GAFAMであってもです。GAFAMの創業メンバーは100人力、1000人力の凄腕だったのかもしれません。しかし彼らは、彼ら自身の能力をさらスケールアップさせることは出来ません。代わりに、社員数をふやす、というスケールアウトをするわけです。だから、GAFAMだって、千人とか万人とかの単位で、人を雇ったり解雇したりしてるわけですよね。
スケールアウトと人月の神話
ところで、ソフトウェア開発の現場で、人をふやすスケールアウトの副作用は相当に知られたものです。それを説いた有名な本が 『人月の神話』 です。
『人月の神話』では、進捗遅延をとりもどすために要員を増やしても、むしろ進捗はより遅れてしまう、ということが説かれます。1人で10か月かけて終わる仕事を、10人でやれば1か月で終わらせられるだろうか? ことソフトウェアシステムの開発では、そんなふうにうまくはいかない。人と月の掛け算の交換法則は、成り立たないというわけです。
『人月の神話』では、人と月の掛け算の法則が成り立たない理由が、「要員間のコミュニケーション(意思疎通)にかかるコストの増加」と説明されています。このコミュニケーションは、成果物となるソフトウェアの一貫性、整合性を保つために必要なものです。排他制御の副作用に似ているとは思いませんか。
排他制御とGit
近年では、ソフトウェア開発の現場の中心には、Gitリポジトリがあります。ソフトウェア開発で生み出されるソースプログラムが格納されるGitリポジトリは、現場全員のプログラマから、更新・参照されるDBのようなものですから、まさに現場の中心です。
ところで、Git が発明される以前には、Subversion という SCM(バージョン管理ソフト) が使われていました。これが、排他制御により多くのプログラマの「待ち」「渋滞」を発生させていたのです。
Git は巧妙な仕組みで、プログラマからこの「待ち」を解放しました。交差点から信号機を取っ払ったようなものです。そのかわり、その巧妙なルールを理解できるまで、Gitは使い方が難解に見えるツールになっています。でも、その難解さに余りあるメリットがあるわけですね。
まとめと次回予告
今回の記事では、PostgreSQLによる排他制御のやり方についての紹介の前置きとして、背景として理解しておくべき、排他制御の必要性とその副作用について、人間社会にみられる現象にたとえて話をしました。
まとめると、性能を高めるためには機械の数を増やすしかない。機械を増やして無対策だと同時更新で異常(衝突)が起きる。異常を防ぐためには排他制御が必要。ただし排他制御の仕組みづくりはむずかしいうえ、渋滞を発生させ性能が悪くなる。そして、同様の問題は、一般に人間同士の協業でも起きている。というわけです。
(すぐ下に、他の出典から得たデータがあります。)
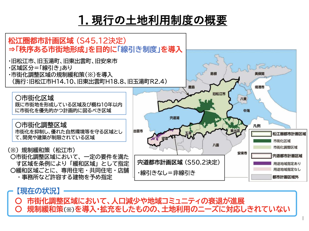 松江市は、安来市と一体となって県内最大の松江圏都市計画区域(18.8万人、うち松江市16.2万人)を形成しているが、新規の建築・開発ニーズがありながら市街化区域内に適地がない状況を踏まえ、線引き廃止の方針を2023年に表明した。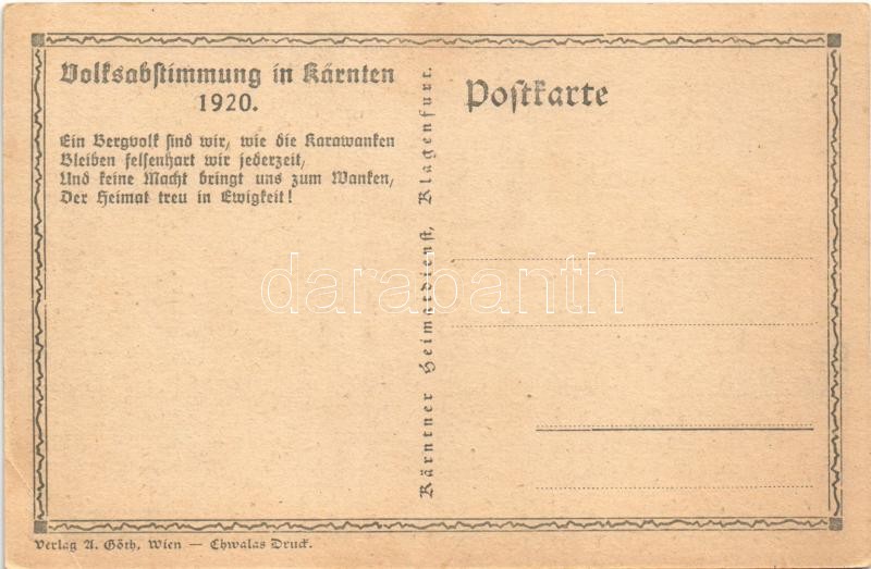 1920 Volksabstimmung in Kärnten / Carinthian plebiscite propaganda, referendum, coat of arms, border poll. Verlag Göth s: Kutzer (EB)

「ぜんぜんポスグレの使い方の話を、してくれないじゃんか 前置き長げえし つまらねえよ おこ!」
ごめんなさい。でも、今回はポスグレの使いかたより大切な話をしたつもりなんです。
次回予告です。PostgreSQLによる排他制御のやり方について紹介します。気の早い人は、GoogleやChatGPTに聞いて、試してみてかまいませんよ!